Negative cycles in directed graphs

Question 1

2 cases:

If the graph has negative cycles: then the shortest path solution is undefined, because you can make a path of infinitely negative weight by reaching the negative cycle and traversing it an infinite number of times.
If the graph does not have negative cycles: then every cycle has non-negative weight. Then if any shortest path solution exists, there must exist some shortest path solution that does not contain a cycle. Suppose a shortest path solution S exists with a cycle C. We know that in this case C has non-negative weight.
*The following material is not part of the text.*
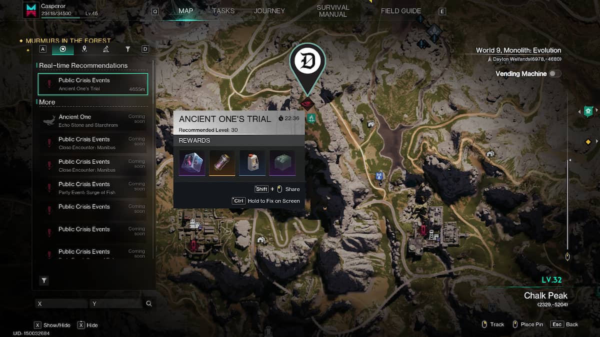 To start the Ancient One’s Trial in Once Human, you have to embrace the heights of the mountains of the Chalk Peak region. You can open your map and press X to reveal all the public crisis events that are currently happening. In the Chalk Peak region, you need to find the highest mountain roughly at (coordinates: 2329,-5204), then take the nearby teleporter.

Hence we can remove C from S to get a path of lower or equal weight S'. Keep applying this process to S' until you get an acyclic path P. P has weight no greater than S, so it is a shortest path, and it is acyclic.

Question 2

The video you linked is a bit noisy, but as I understand, the non-negative sum cycles part is a constrain on the graph.

If you have G (digraph) with two vertices and two edges, the shortest path containing a cycle will be (if the two vertex are a, and b and the path is given by the visited vertices)

a-b-a-b

So you can give a shorter version by

a-b

If you have four vertices for example and there is a cycle between the second end the third vertex, on the path, then you can eliminate it from your path, and it will be shorter then you go on the cycle.

So any path has a shorter form if it containing one or more cylces, by it or their elemination.

More generally you can eliminate a cycle by finding the exit vertex of it which have to be presented at least twice on the path, and you should delete the list of vetices between the first and last occurance, and the first or the last occurance of the exit vertex.